▸ **WORK INSTRUCTION**: Everything in the data below except the pictures must be repeated word for word.

▸ **DATA SHOWN**:
----

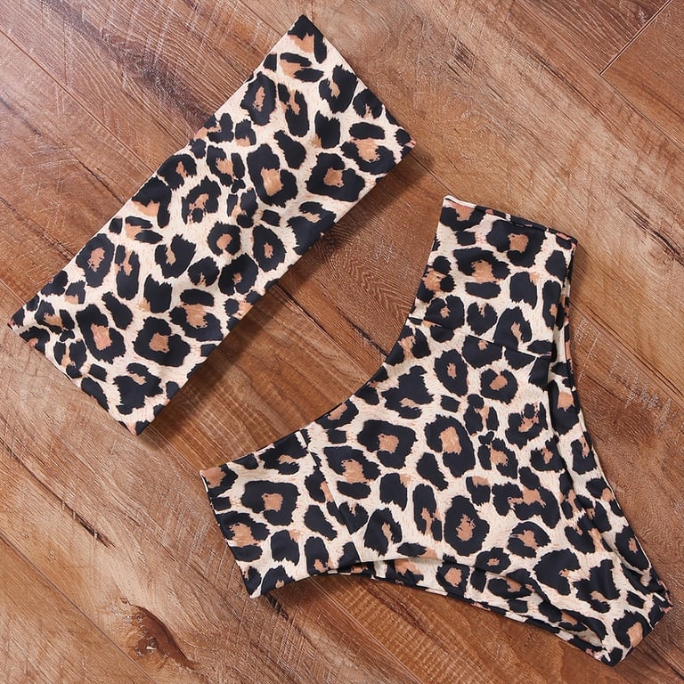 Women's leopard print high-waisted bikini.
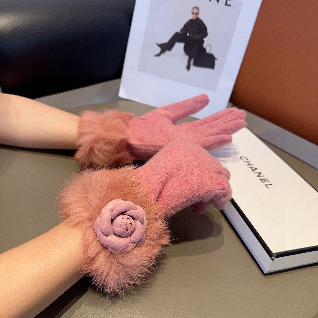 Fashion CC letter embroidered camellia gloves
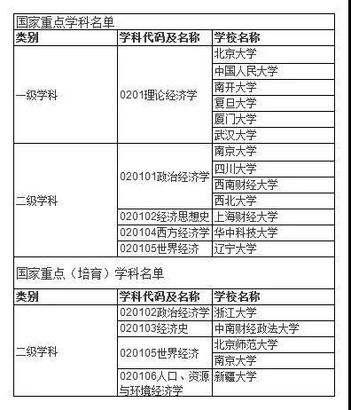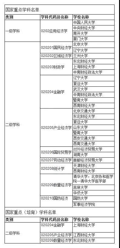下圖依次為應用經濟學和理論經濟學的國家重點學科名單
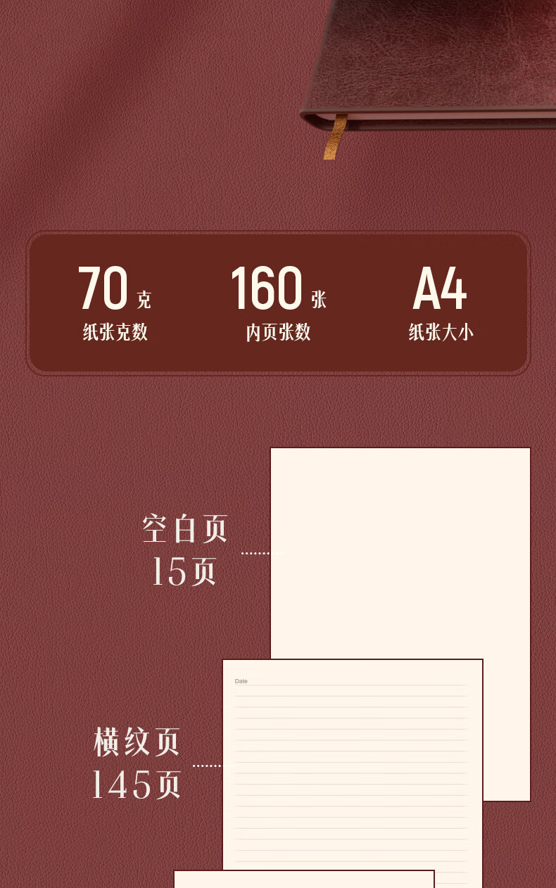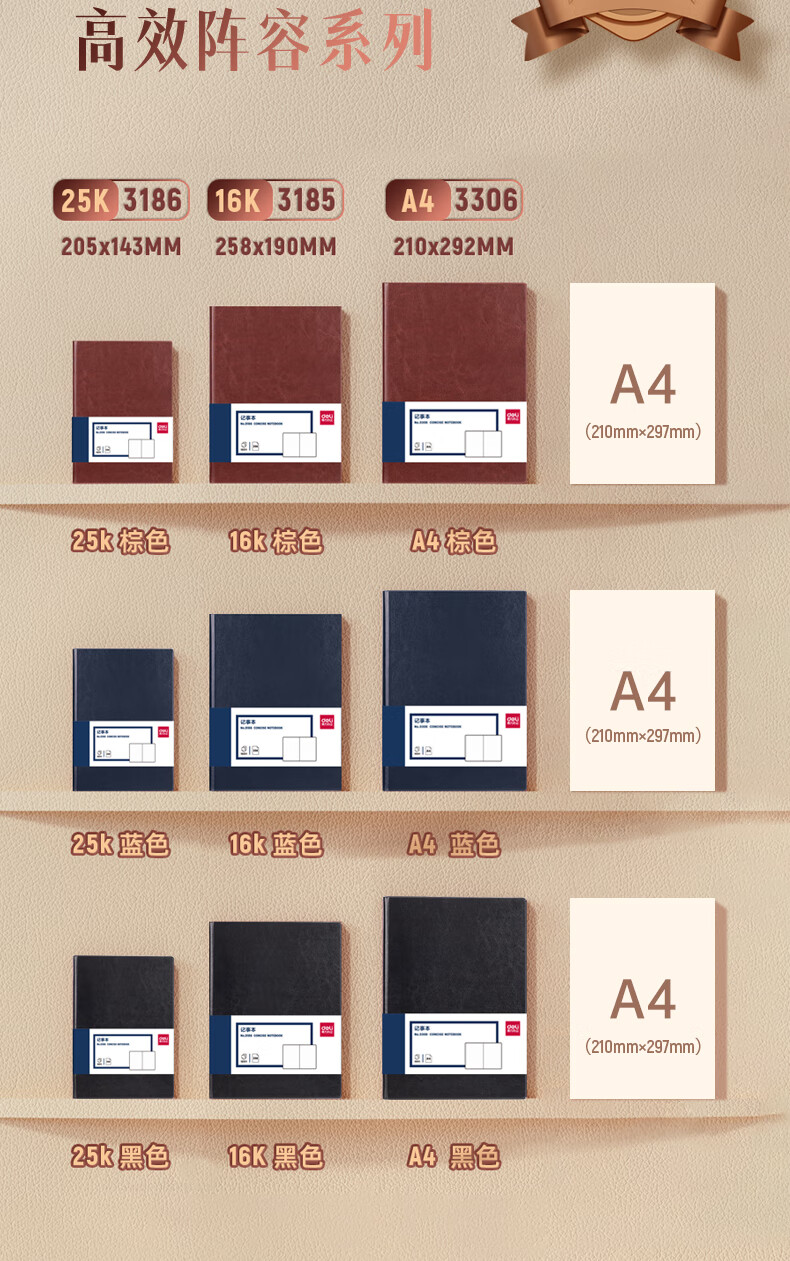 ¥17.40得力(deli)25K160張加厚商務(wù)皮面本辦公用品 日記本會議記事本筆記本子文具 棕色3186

----

▸ **RESPONSE TO THIS EXERCISE**:
 Women's leopard print high-waisted bikini.
 Fashion CC letter embroidered camellia gloves
下圖依次為應用經濟學和理論經濟學的國家重點學科名單
 ¥17.40得力(deli)25K160張加厚商務(wù)皮面本辦公用品 日記本會議記事本筆記本子文具 棕色3186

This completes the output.